The appellant’s contention that Hall met his death while committing an act in violation of law requires little discussion. The defense that an employe sustained his injury in the commission of an unlawful act is an affirmative one, with the burden on the employer to establish it. Haas v. Brotherhood of Transportation Workers, supra, 158 Pa. Superior Ct. 291, 44 A. 2d 776. In Bogavich v. Westinghouse Elec. & Mfg. Co., 162 Pa. Superior Ct. 388, 57 A. 2d 598, upon which the appellant relies, the compensation authorities, in refusing an award, found that the employe was killed as a result of a violation of law, and we held that this finding was supported by sufficient legally competent evidence. In this ease there is no finding that Hall committed any violation of law and there is no evidence *465in the record that would sustain such finding had the compensation authorities made it.

When he met his death, Hall was on the premises of his employer during his regular hours of employment and at a place where his employment required him to be. He violated no positive orders of his employer and it is not shown that he incurred his injury while committing any act in violation of law. His act in placing what he, with reason, thought to be an empty gun to his head and pulling the trigger did not constitute an abandonment of his employment, and the claimant’s award should be' sustained under the authority of a long line of cases, including Hale v. Savage Fire Brick Co., supra, 75 Pa. Superior Ct. 454; Oldinsky v. Phila. & Reading Coal & Iron Co., 92 Pa. Superior Ct. 328; Sinko v. Bethlehem, Steel Co., 104 Pa. Superior Ct. 357, 159 A. 230; Menendes v. Dravo Construction Co., 109 Pa. Superior Ct. 224, 167 A. 423; Franks v. Point Marion Bridge Co., supra, 128 Pa. Superior Ct. 269, 193 A. 421. See also collection of cases starting on page 227, Skinner’s Pennsylvania Workmen’s Compensation Lavo, Yol. I, 4th Ed.
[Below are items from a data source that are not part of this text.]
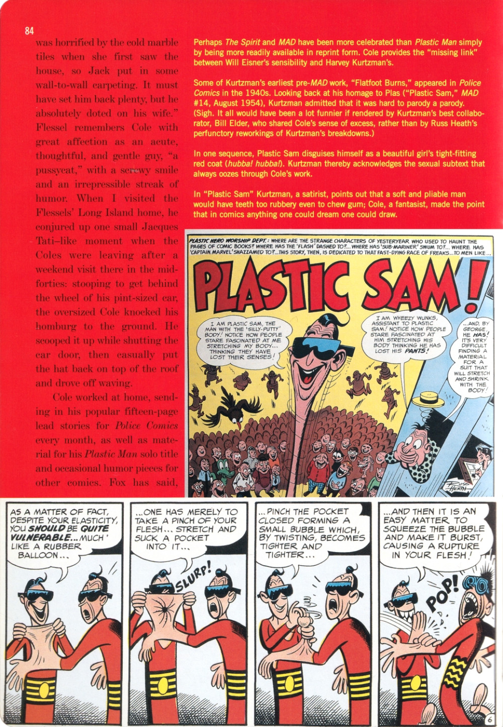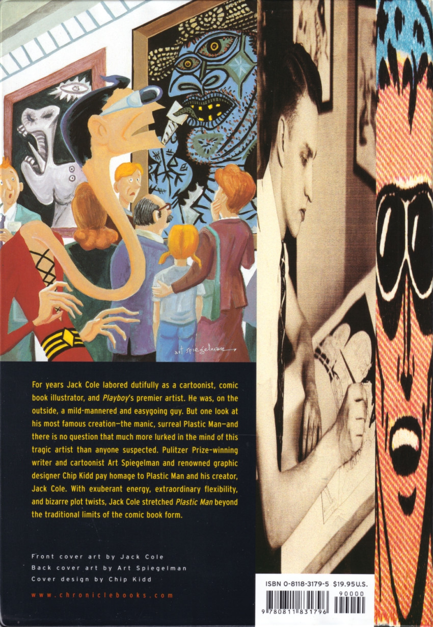Info édition : Couverture souple plastifiée, pages avec coins ronds. L'ouvrage alterne deux catégories de cahiers : textes d'Art Spiegelman et collages pop-art de Chipp Kidd sur papier mat épais, et fac-similé d'histoires de Plastic Man tirées de Police Comics (1941) et de Murder, Morphine and Me publié dans True Crime (1947) #2 sur papier non couché jauni.
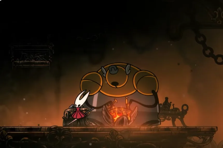 You can craft this with the Forge Daughter in the Deep Docks, using 1 Craftmetal and 110 Rosaries. It’s a sturdy iron bell designed to protect Hornet from the extreme heat, reducing the damage she takes from fire and magma while exploring the area.
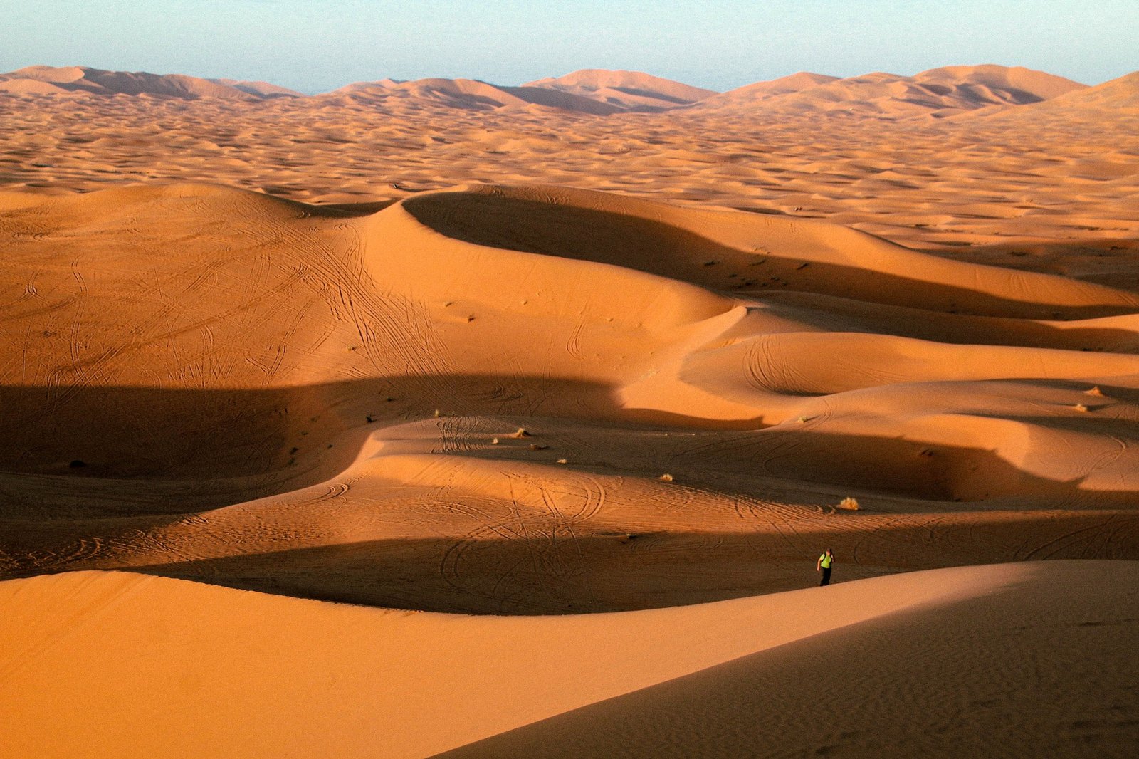 Departing at 8:30 a.m., you head south from Ouarzazate toward Agdez, crossing the Tizi-n-Tinfifte pass in the Anti-Atlas and descending to reveal the vast Dra’a Valley with its thousands of palm groves; moreover, these groves produce some 44 varieties of dates, so you may sample exceptionally fresh fruit during the harvest that begins as early as September. After following the historic caravan route away from the main road, you arrive at Tinsouline and can take a short off-road detour to view the remarkable Foum Chenna rock carvings, which date back about 4,000 years, before continuing to Zagora for lunch and a quick overlook of its extensive oasis. In the afternoon, you proceed further south to M’hamid, the gateway to the Sahara and the end of the paved road, where a camel ride carries you to a desert camp to witness an unforgettable sunset; thereafter, enjoy nomadic music around the campfire, gaze at a brilliant star-filled sky (with a stargazing app if desired), and spend the night in a luxury camp with king-size beds, private showers, and refined Moroccan décor. Finally, note that Erg Lihoudi can be extremely hot in summer, so we recommend visiting the Erg Chebbi dunes during the hottest months instead.
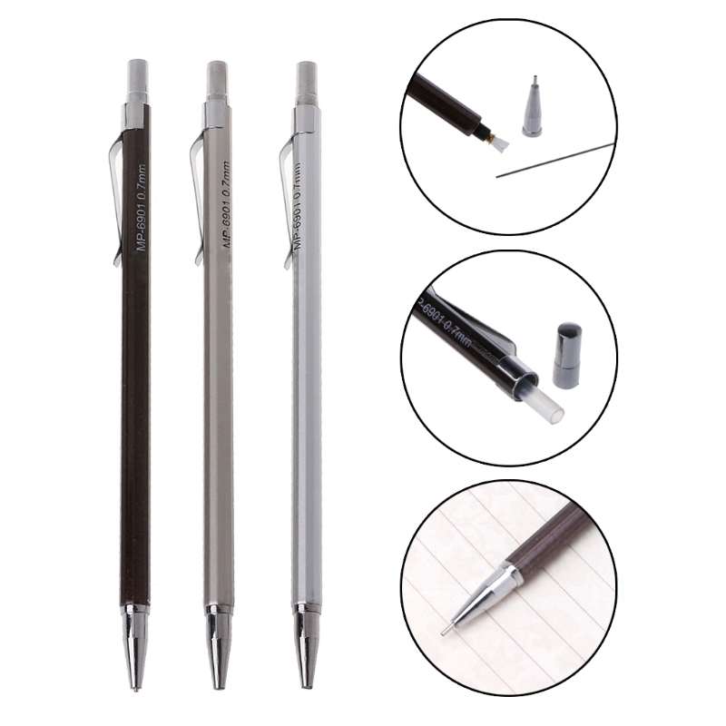 Love 3pcs 0 7mm Automatic Pencil Office School Metal Pens
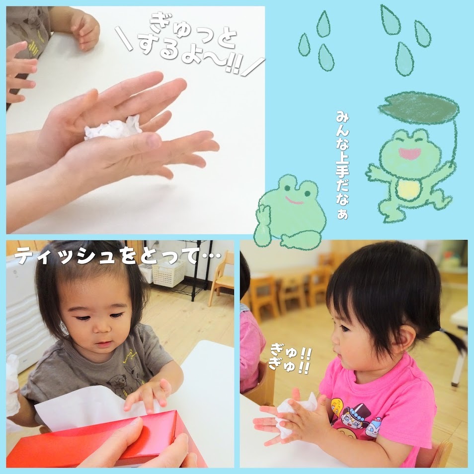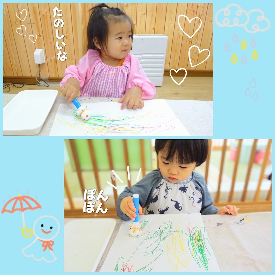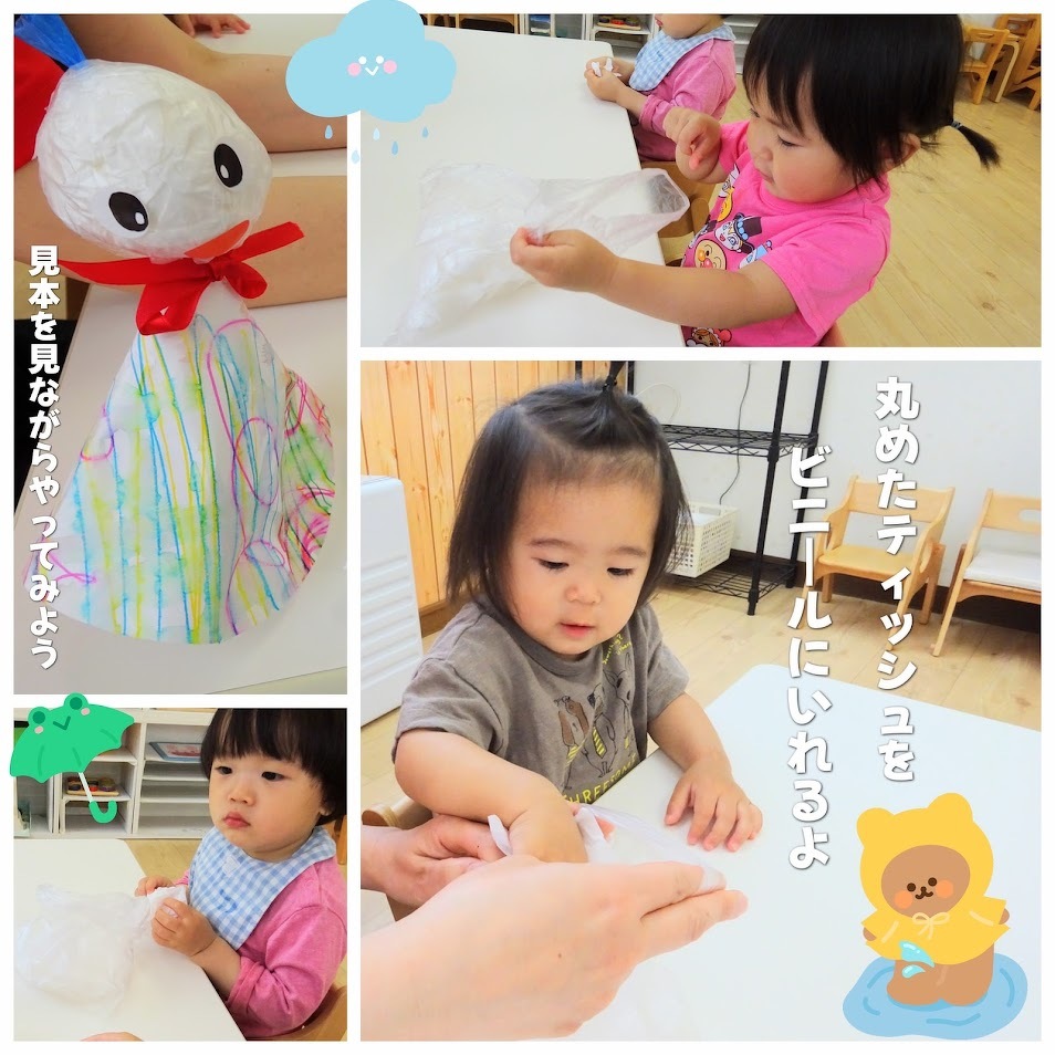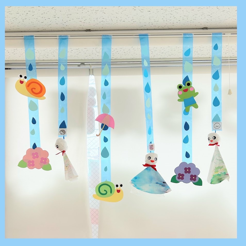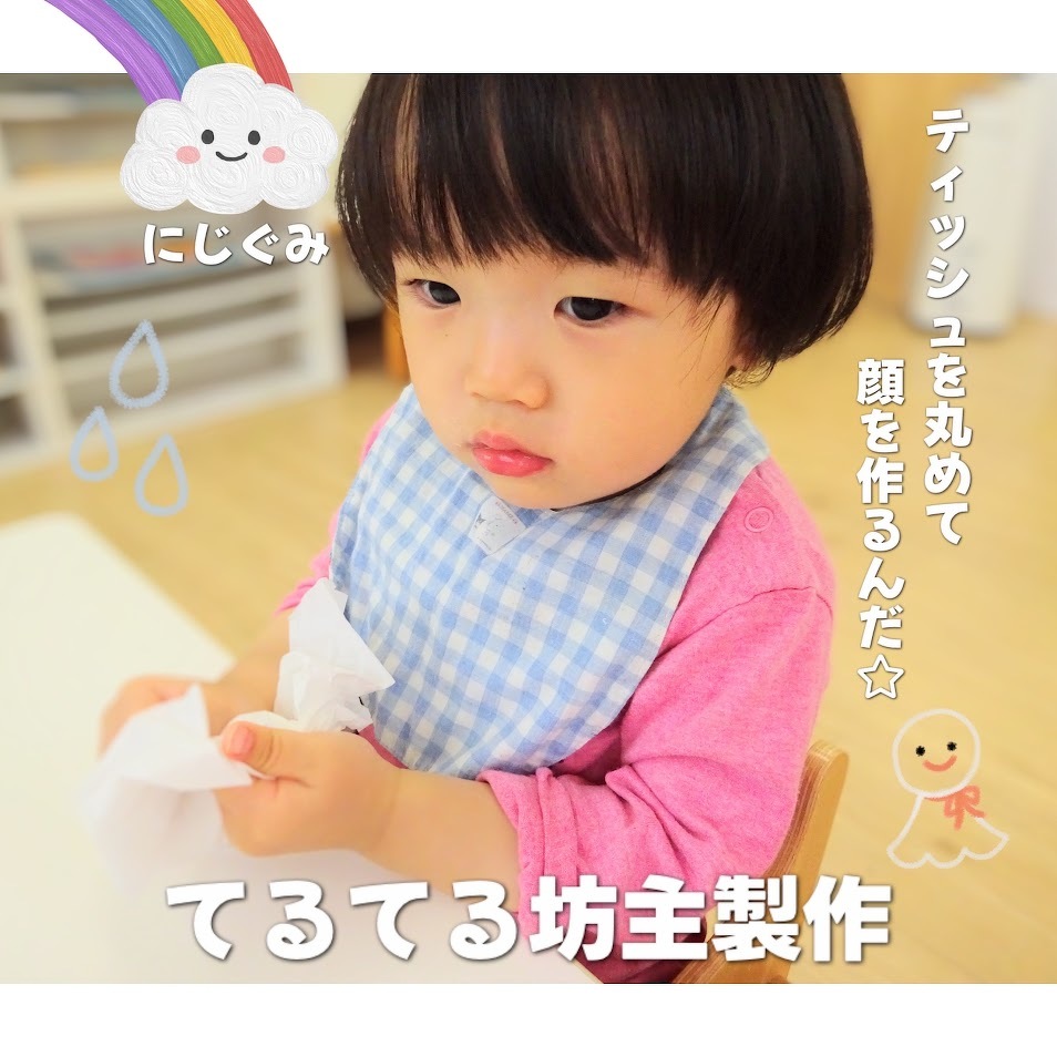 2025年06月03日(火) スタッフブログ にじぐみ/てるてる坊主製作 にじぐみのみんなで『てるてる坊主』を 作りました(^o^) まずはティッシュを丸めてビニールに入れ 顔を作ります♫ つぎに水性ペンでお絵描きをして、その後 水をつけたタンポでぽん!ぽん!ぽん! にじみ絵で体の部分が完成☆彡 雨の憂鬱な気分を吹き飛ばしてくれるほど 可愛らしいてるてる坊主ができました(^^)♪
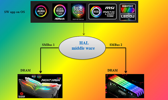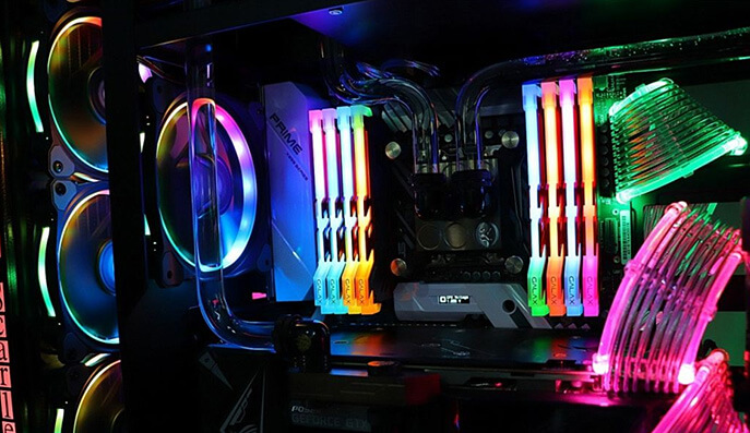 ENE ARGB/RGB控制IC, 不同以往RGB燈只能自行閃爍,可透過ENE MCU做到電競主機去控制週邊(包含主板、顯卡、DRAM內存條、PCIe卡、風扇、SSD固態硬盤…等等),讓你可自行設計閃爍特效程序,使整體更加流暢。
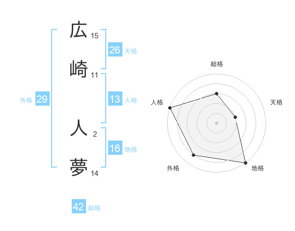 広崎 人夢さんの総格は42画の3点!
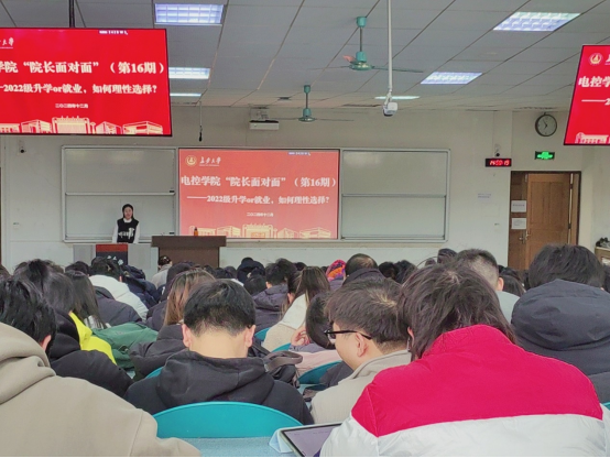 “院长面对面”(第16期)之2022级本科生升学或就业指导在北校区WT1104教室举行,院长闫茂德、院党委副书记高婷婷,学办主任刘平利出席讲座,2022级辅导员李慧及2022级全体学生参加,讲座由李慧主持。
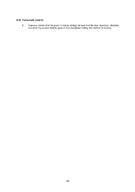 Q.32 Particularly (cont’d) 9. Catenary cables shall be given in metres stating the type and the size. Eye-bolts, shackles and straining screws shall be given in the description stating the method of existing. 104
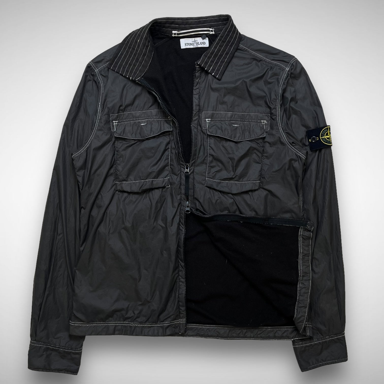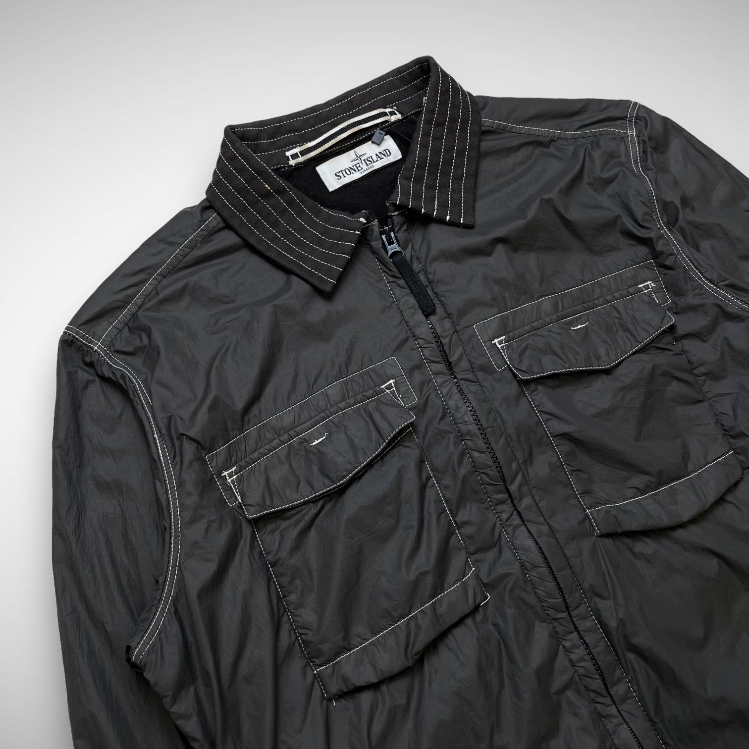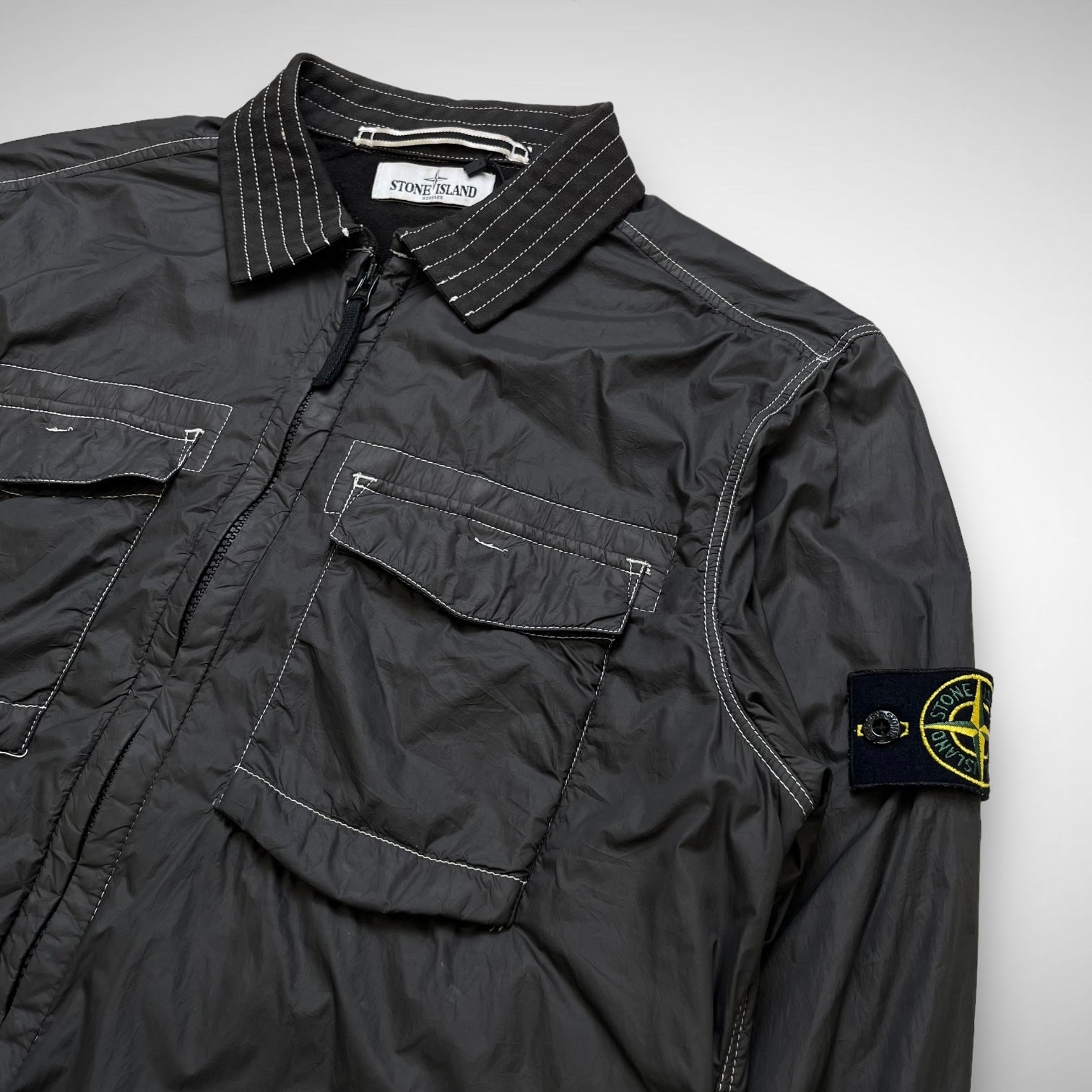 Dark grey nylon overshirt featuring contrast stitching details throughout including fold-down collar, double flap chest pockets, two-way zip closure, button adjustable cuffs and fleeced lining.
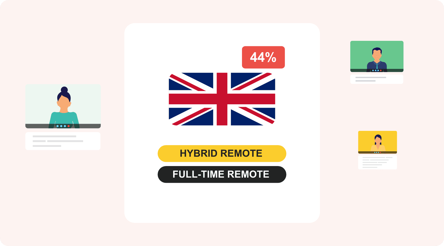 44% of UK British people work from home at least some of the time (hybrid or full-time remote)
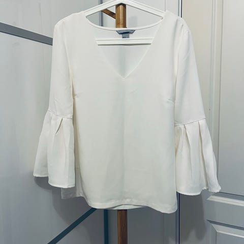 Hvid bluse i str. 40. Måler 104 cm over brystet. Sender gerne.

The parties have stipulated on the record that the claimant remarried on November 11,1950. This change in her status necessitates the modification of the compensation award, and hence the record is remitted to the court below with instructions to remit the record to the board for the sole purpose of modifying the award to comply with the provisions of section 307 of the Workmen’s Compensation Act as amended, 77 PS sec. 562.